You are expected to use this module via the Bio.Align functions.

class Bio.Align.bigpsl.AlignmentWriter(target, targets=None, compress=True, extraIndex=(), cds=False, fa=False, mask=None, wildcard='N')

Bases: Bio.Align.bigbed.AlignmentWriter

Alignment file writer for the bigPsl file format.

fmt: Optional[str] = 'bigPsl'
__init__(target, targets=None, compress=True, extraIndex=(), cds=False, fa=False, mask=None, wildcard='N')

Create an AlignmentWriter object.

Arguments:
  • target - output stream or file name.

  • targets - A list of SeqRecord objects with the chromosomes in the

    order as they appear in the alignments.
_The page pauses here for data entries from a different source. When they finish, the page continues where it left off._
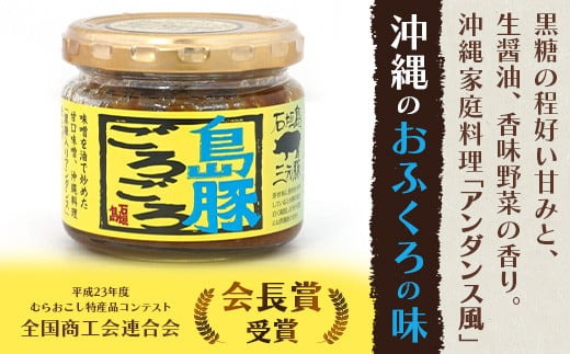 島豚ごろごろ 島唐辛子入り【ピリ辛】×3個・沖縄のおふくろの味×3個 ※人気の2種類セット【沖縄 石垣 みそ ミソ 肉味噌 島唐辛子 調味料】AD-002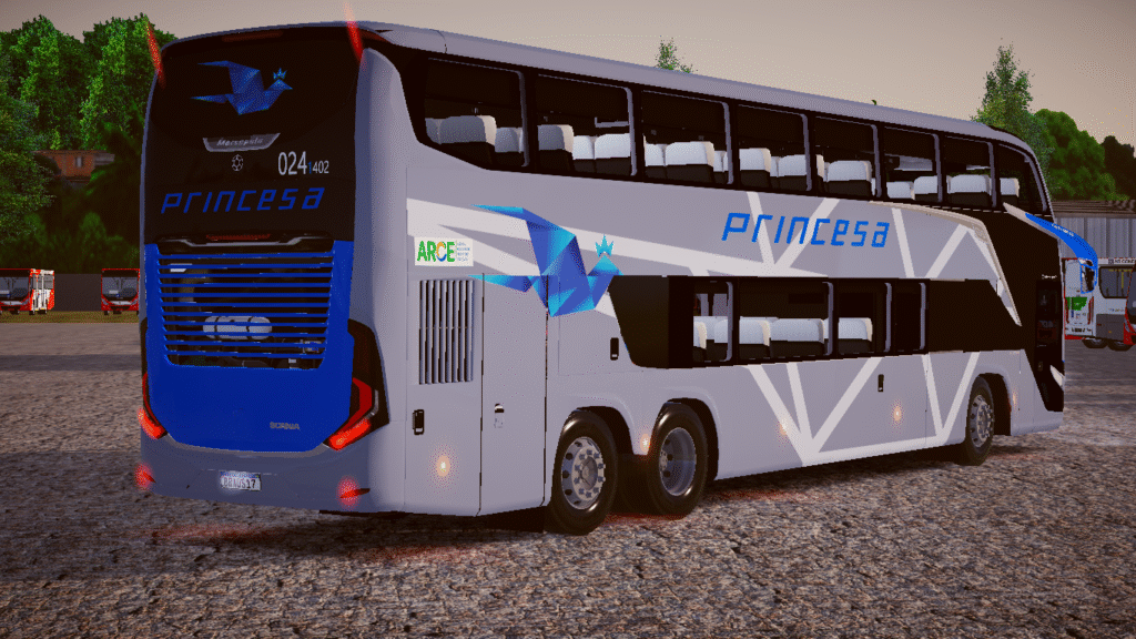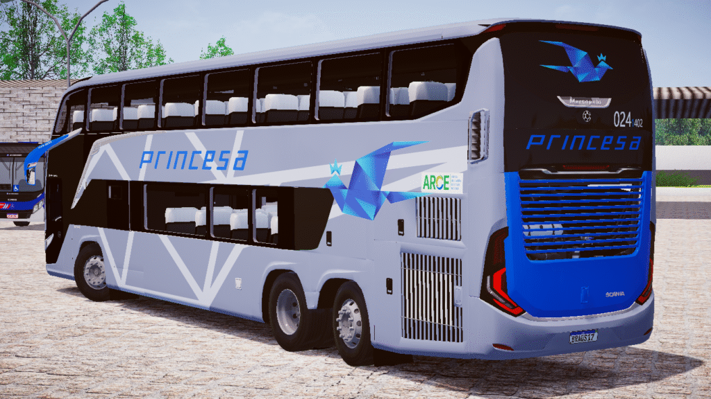 Com configuração Double Decker (DD) e excelente desempenho proporcionado pelo conjunto Scania K410C, este modelo é ideal para simulações de viagens interestaduais, turismo premium e linhas de alto padrão dentro do jogo.
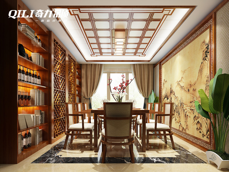新中式餐廳在設(shè)計(jì)的時(shí)候?qū)φw的色調(diào)是比較講究的,一般以深色為主,代表的是深厚以及沉穩(wěn)的底蘊(yùn),與中國(guó)傳統(tǒng)裝修的風(fēng)格比較相統(tǒng)一,富有中國(guó)古典的韻味。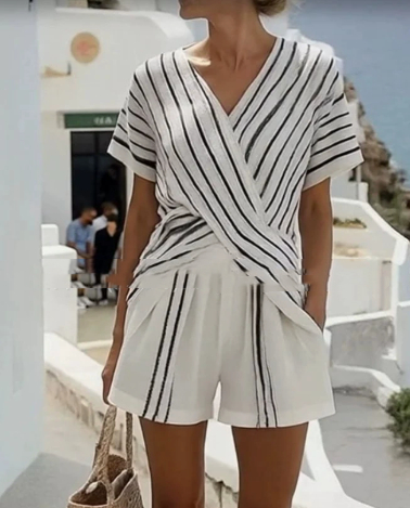 Casual V-Neck Short-Sleeve Striped Color-Block Shorts Two-Piece Set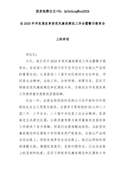 【七哥公文】2025年:在2025年市发展改革委党风廉政建设工作会暨警示教育会上的讲话+更多免费公文+VX:QiGeGongWen2024+更多免费公文+VX:QiGeGongWen2024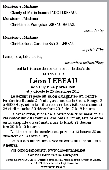 Décédé à Huy (4500) le mardi 25 décembre 2018 à l'âge de 87 ans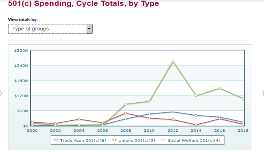 However, the fact remains that the vast majority of undisclosed spending at the federal level has been by 501c4 groups, according to the Center for Responsive Politics (see chart below).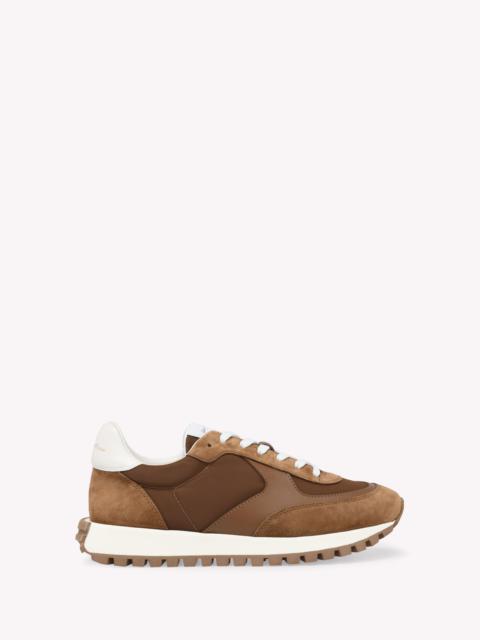 Set on a rubber lug sole, Gravel is the urban sneaker crafted from suede, leather and water-resistant nylon fabric. The front laces and the embossed logo on the back complete the design. Handmade in Italy. - Composition: 40%SUEDE+20%VITELLO+30%NAYCER+10%NAPPA - Heel Height: W1 - Model Code: S25460.W1OFS Item ID: S25460.W1OFS.SCYCUOF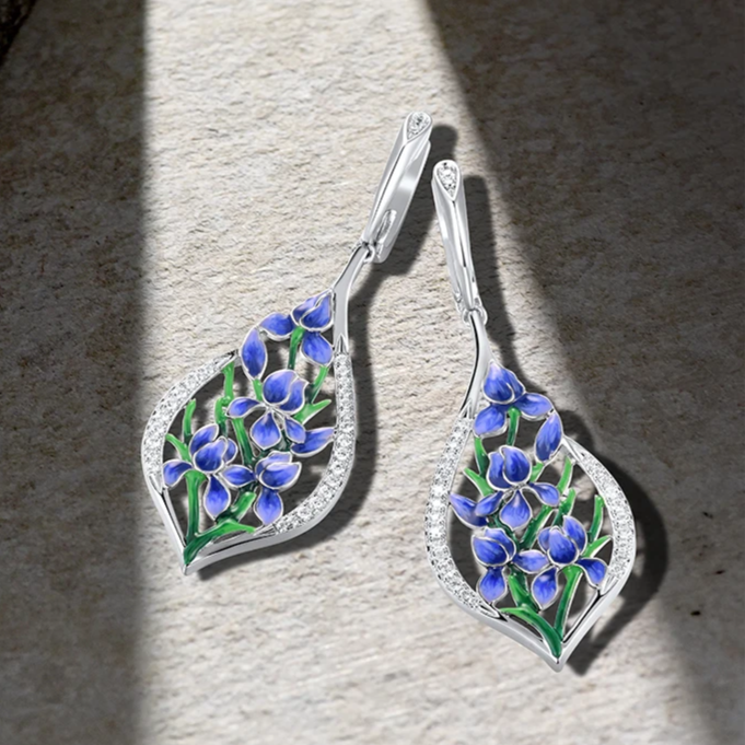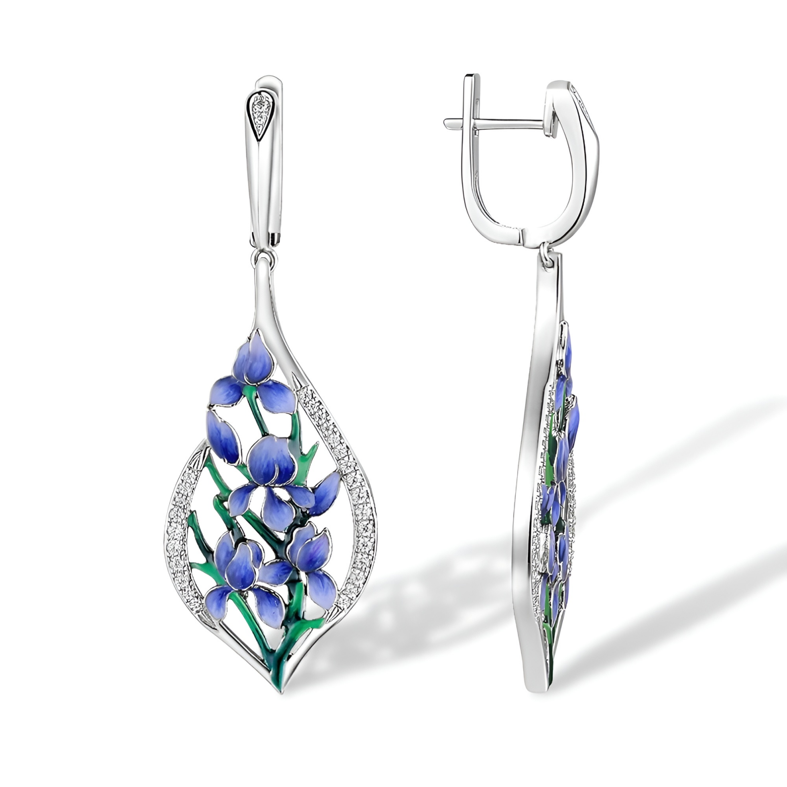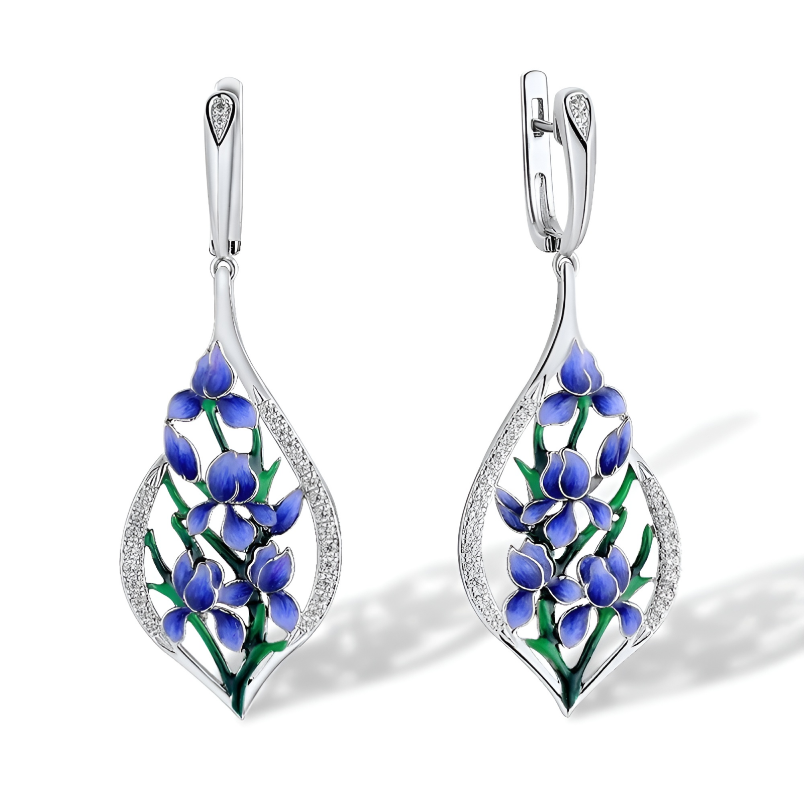 Cercei argintii în formă de lacrimă, realizați din cupru placat cu argint 925 și email pictat manual, cu model floral.

The sequence contents in each SeqRecord may be undefined, but the sequence length must be defined, as in this example:

    SeqRecord(Seq(None, length=248956422), id=”chr1”)

    If targets is None (the default value), the alignments must have an attribute .targets providing the list of SeqRecord objects.

  • compress - If True (default), compress data using zlib.

    If False, do not compress data.

  • extraIndex - List of strings with the names of extra columns to be

    indexed. Default value is an empty list.

  • cds - If True, look for a query feature of type CDS and write

    it in NCBI style in the PSL file (default: False).

  • fa - If True, include the query sequence in the PSL file

    (default: False).

  • mask - Specify if repeat regions in the target sequence are

    masked and should be reported in the repMatches field instead of in the matches field. Acceptable values are None : no masking (default); “lower”: masking by lower-case characters; “upper”: masking by upper-case characters.

  • wildcard - Report alignments to the wildcard character in the

    target or query sequence in the nCount field instead of in the matches, misMatches, or repMatches fields. Default value is ‘N’.

write_file(stream, alignments)

Write the file.

__abstractmethods__ = frozenset({})
__annotations__ = {'fmt': 'Optional[str]'}
class Bio.Align.bigpsl.AlignmentIterator(source)

Bases: Bio.Align.bigbed.AlignmentIterator

Alignment iterator for bigPsl files.

The pairwise alignments stored in the bigPsl file are loaded and returned incrementally. Additional alignment information is stored as attributes of each alignment.

fmt: Optional[str] = 'bigPsl'
__abstractmethods__ = frozenset({})
__annotations__ = {'fmt': 'Optional[str]'}